I am going to replace some vinyl tiles covering a small staircase in a garage.

I removed the old tile(there were two layers) from the landing.
Underneath there is hardboard (masonite) with the rough side up.

I want to elevate the landing for a cosmetic reason that would be hard to describe without seeing it.

So I figured on using one seemless sheet of 3/16 or 1/8 hardboard over the top but questioned which side should face up , smooth or rough side.

But in reading other posts some recommend against using hardboard , some say its ok for small jobs.

Help me to decide my best route here considering that this is a garage so it isn't an area that I want to throw a lot of money at .

The tile only cracked at the stair nosing which was a type that has a lip that goes under the tile .

I plan to remove that nosing and use a different type that just butts up against the vinyl.



So making a decision on the underlayment is my obstacle , the landing is like 4 x 5 and I dont want to spend a fortune on expensive underlayment.

Hardboard didn't seem to cause trouble with the old tiles but there were 2 layera and the bottom layer was a thicker glue down tile not self stick , so I doen't know if that helped it survive.

The seems weren't even filled on the old hardboard.

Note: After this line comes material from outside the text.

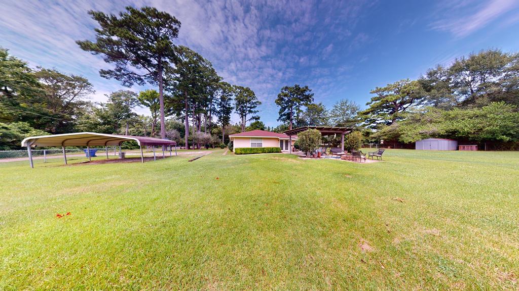 Welcome to this beautiful 3-bedroom, 2-bath home with Generac Generator, nestled on approximately 1 acre in the peaceful Curtis community. With 1,978 square feet of living space, the home features a formal dining room, an updated kitchen with a breakfast bar, two dining areas, making it ideal for family gatherings and entertaining. Enjoy the warmth of hardwood floors throughout, a formal living room, and a separate spacious den for relaxation or entertainment. The oversized laundry room includes ample space for a freezer and additional storage, plus a butler's pantry for added convenience and the 2-car attached garage provides easy access to these areas. Step outside to a covered patio, perfect for enjoying the serene surroundings, or gather around the fire pit with family and friends. The beautifully landscaped yard is adorned with gardenias, camellias, and azaleas, offering year-round color and fragrance. The entire property is fenced, storage building included and Generac generator.

Also with the underlayment I'm reading that I should use staples but I don't have a staple gun.
I have a finish nailer and was intending on installing hardboard over what is there using construction adhesive and finish nails. 

These nails from this gun as hard to pull out and leave a small indent so I figured that would leave a surface that wouldnt show anything and wouldn't need to be filled.

I cant see renting a staple gun for something like this.

There is also a small storage closet that has a high step up (it's located over the staircase to the basement.
It has particleboard on the 3 x 4 'floor' , I figured I'd throw a layer of hardboard over it and stick the same tiles down.

I need your input and appreciate your help.


----------



## Nestor_Kelebay (Jun 17, 2008)

I'd pull out that masonite and use "fir plywood" type underlayment. The masonite will swell up and get soft if it gets wet. Also, the difference between ordinary plywood and "plywood type underlayment" is that plywood is allowed to have voids in the interior plies that can result in soft spots on the floor. In underlayment, these voids are filled so you don't get those soft spots.

You don't need a pnuematic stapler to put down underlayment. In the bathrooms in my building, it was just nailed down and that lasted 50 years. People recommend using ring shank nails to ensure the underlayment doesn't come up, but in my view a better solution would be to use deck screws on 6 inch centers.

So, just pull out that masonite and the tile that's stuck to it, and build up the floor height as desired before putting down underlayment. I'd screw it down so that it's easy to remove in future. Use flat head screws and counter sink them. Then, fill in the countersinking with a cement based floor leveler.

Then, just install your floor tiles over that.


----------



## novice40 (Jul 11, 2008)

Thank you for replying.
Here is what concerns me the most .
The subfloor is toungue and goove and has some movement it squeeks when you walk on it.
Although I could add screws after scrapping the old underlayment , I worry aboout the floor leveler crumbling (coming loose) and showing thruogh the self stick tiles.
The old floor had 2 layers of tile , the lower layer was a non self stick , it was a thicker tile.
I'm thinking it prevent any telegraphing of nails and seams, in fact the old underlayment has nails that were coming up and seams that weren't filled .
The masonite was rough side up yet the floor was smooth except for the top layer of self stick tiles cracking from the stair nosing underneath.
(I wish I could have saved that bottom layer of tile.)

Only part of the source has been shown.